Records provided:
- - - -

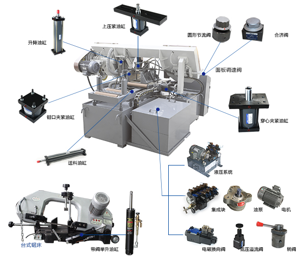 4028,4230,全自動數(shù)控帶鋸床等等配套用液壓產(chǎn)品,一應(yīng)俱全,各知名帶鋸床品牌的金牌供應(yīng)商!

- - - -

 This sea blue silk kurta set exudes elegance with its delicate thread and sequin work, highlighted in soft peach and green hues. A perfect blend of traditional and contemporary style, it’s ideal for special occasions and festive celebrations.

- - - -

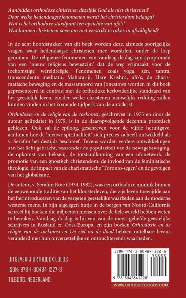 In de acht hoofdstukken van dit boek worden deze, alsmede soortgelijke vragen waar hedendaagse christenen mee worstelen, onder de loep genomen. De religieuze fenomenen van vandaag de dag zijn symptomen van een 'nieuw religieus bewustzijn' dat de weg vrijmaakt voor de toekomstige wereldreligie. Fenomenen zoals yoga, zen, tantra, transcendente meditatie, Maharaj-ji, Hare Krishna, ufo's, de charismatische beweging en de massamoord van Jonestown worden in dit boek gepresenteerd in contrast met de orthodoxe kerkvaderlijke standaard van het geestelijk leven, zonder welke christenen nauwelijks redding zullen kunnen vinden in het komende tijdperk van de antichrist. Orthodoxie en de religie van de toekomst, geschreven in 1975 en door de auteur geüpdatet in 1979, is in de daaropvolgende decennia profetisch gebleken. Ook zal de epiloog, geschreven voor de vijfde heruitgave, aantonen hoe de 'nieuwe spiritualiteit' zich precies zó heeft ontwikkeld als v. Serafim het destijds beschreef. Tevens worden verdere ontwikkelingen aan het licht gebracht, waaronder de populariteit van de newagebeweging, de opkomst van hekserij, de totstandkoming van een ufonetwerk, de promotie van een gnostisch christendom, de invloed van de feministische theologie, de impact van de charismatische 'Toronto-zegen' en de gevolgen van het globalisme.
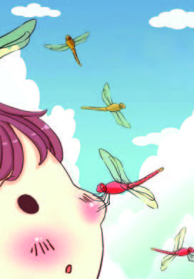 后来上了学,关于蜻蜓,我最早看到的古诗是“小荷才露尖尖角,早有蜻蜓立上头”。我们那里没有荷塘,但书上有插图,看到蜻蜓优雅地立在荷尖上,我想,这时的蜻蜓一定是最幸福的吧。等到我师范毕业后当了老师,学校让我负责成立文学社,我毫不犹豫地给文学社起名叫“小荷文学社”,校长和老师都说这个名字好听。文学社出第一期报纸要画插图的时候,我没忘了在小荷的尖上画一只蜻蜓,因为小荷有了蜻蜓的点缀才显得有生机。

- - - -

About this task: In the listing above, find the line containing "In de acht hoofdstukken". Output it and every line after it up to and including the line containing "后来上了学,关于蜻蜓,我最早", exactly, but skip the pictures.

Solution for this task:
 In de acht hoofdstukken van dit boek worden deze, alsmede soortgelijke vragen waar hedendaagse christenen mee worstelen, onder de loep genomen. De religieuze fenomenen van vandaag de dag zijn symptomen van een 'nieuw religieus bewustzijn' dat de weg vrijmaakt voor de toekomstige wereldreligie. Fenomenen zoals yoga, zen, tantra, transcendente meditatie, Maharaj-ji, Hare Krishna, ufo's, de charismatische beweging en de massamoord van Jonestown worden in dit boek gepresenteerd in contrast met de orthodoxe kerkvaderlijke standaard van het geestelijk leven, zonder welke christenen nauwelijks redding zullen kunnen vinden in het komende tijdperk van de antichrist. Orthodoxie en de religie van de toekomst, geschreven in 1975 en door de auteur geüpdatet in 1979, is in de daaropvolgende decennia profetisch gebleken. Ook zal de epiloog, geschreven voor de vijfde heruitgave, aantonen hoe de 'nieuwe spiritualiteit' zich precies zó heeft ontwikkeld als v. Serafim het destijds beschreef. Tevens worden verdere ontwikkelingen aan het licht gebracht, waaronder de populariteit van de newagebeweging, de opkomst van hekserij, de totstandkoming van een ufonetwerk, de promotie van een gnostisch christendom, de invloed van de feministische theologie, de impact van de charismatische 'Toronto-zegen' en de gevolgen van het globalisme.
 后来上了学,关于蜻蜓,我最早看到的古诗是“小荷才露尖尖角,早有蜻蜓立上头”。我们那里没有荷塘,但书上有插图,看到蜻蜓优雅地立在荷尖上,我想,这时的蜻蜓一定是最幸福的吧。等到我师范毕业后当了老师,学校让我负责成立文学社,我毫不犹豫地给文学社起名叫“小荷文学社”,校长和老师都说这个名字好听。文学社出第一期报纸要画插图的时候,我没忘了在小荷的尖上画一只蜻蜓,因为小荷有了蜻蜓的点缀才显得有生机。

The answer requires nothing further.